Early life, education and career
Frederic Dan, the youngest of the eleven children born to Dan and Elizabeth Huntington, was born in Hadley, Massachusetts on May 28, 1819. He grew up on the family farm "Forty Acres," the home of both his mother and his grandmother, Elizabeth Porter Phelps.

He graduated at Amherst College in 1839 and at the Harvard Divinity School in 1842. In 1843 he married Hannah Sargent, the sister of Epes Sargent. From 1842 to 1855 he was pastor of the South Congregational Church of Boston, and in 1855-1860 as preacher to the university and Plummer professor of Christian Morals at Harvard; he then left the Unitarian Church, with which his father had been connected as a clergyman at Hadley, resigned his professorship and became pastor of the newly established Emmanuel Church of Boston.

Syracuse, New York 

Rev. Huntington founded the St. John's School, a military school, in 1869 in Manlius, New York, and was its president until his death in 1904. In the 1920s, St. John's became known as the renowned military school, The Manlius School, today integrated into the Manlius Pebble Hill School.

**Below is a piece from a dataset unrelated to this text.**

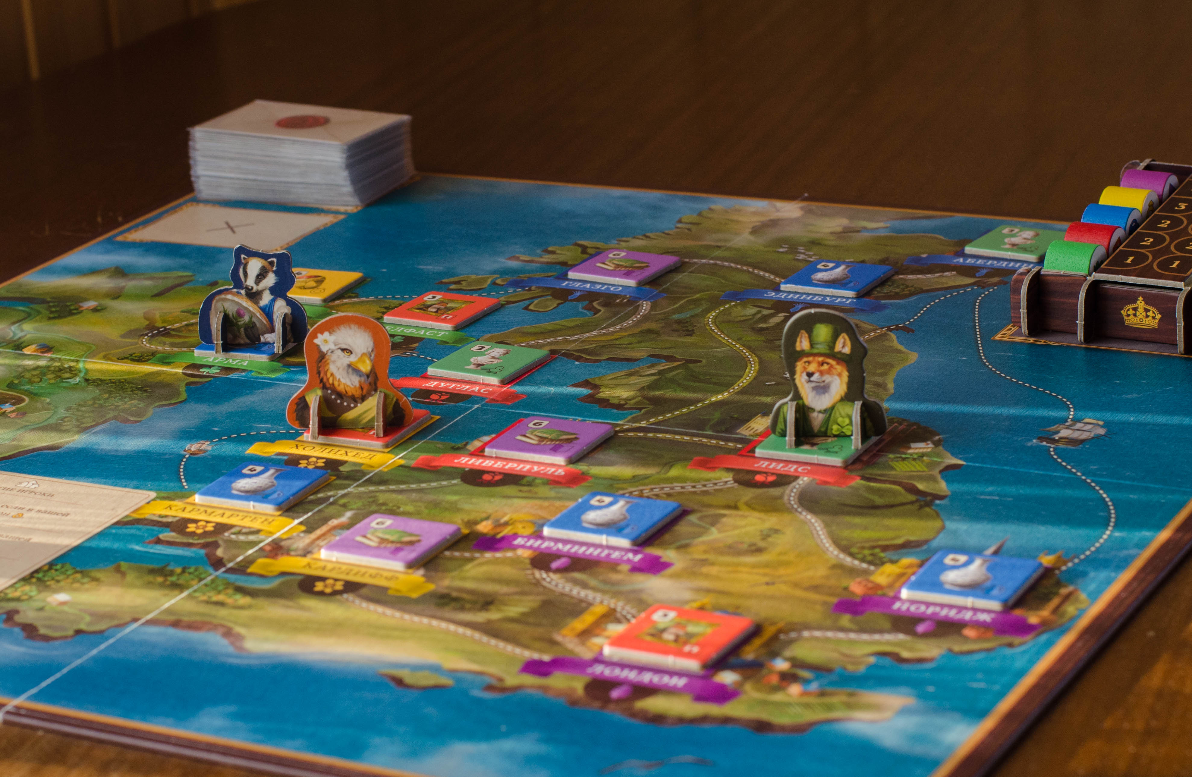 Ганзейский союз. Впервые на русском вышло в виде переиздания со всеми дополнениями. Довольно конфликтное классическое евро на построение цепочек.

He had refused the bishopric of the Episcopal Diocese of Maine when, in 1868, he was elected to the Diocese of Central New York. He was consecrated on April 9, 1869, and thereafter lived in Syracuse, New York.

He was the first president of the Church Association for the Advancement of the Interests of Labor.

Consecrators
 The Most Reverend Benjamin B. Smith
 The Right Reverend Manton Eastburn
 The Right Reverend Horatio Potter
N.B.: 93rd bishop consecrated in the Episcopal Church.

End of life 
Huntington remained throughout his life attached to the family's ancestral farm in Hadley, Massachusetts, in the 1860s purchasing his siblings' shares so that he could inherit the house.  He continued to manage it as a working farm, and spent summers there throughout his life.  Huntington died in Hadley on July 11, 1904, aged 85.

Publications 

His more important publications included:

 Lectures on Human Society (1860)
 Memorials of a Quiet Life (1874)
 The Golden Rule applied to Business and Social Conditions (1892)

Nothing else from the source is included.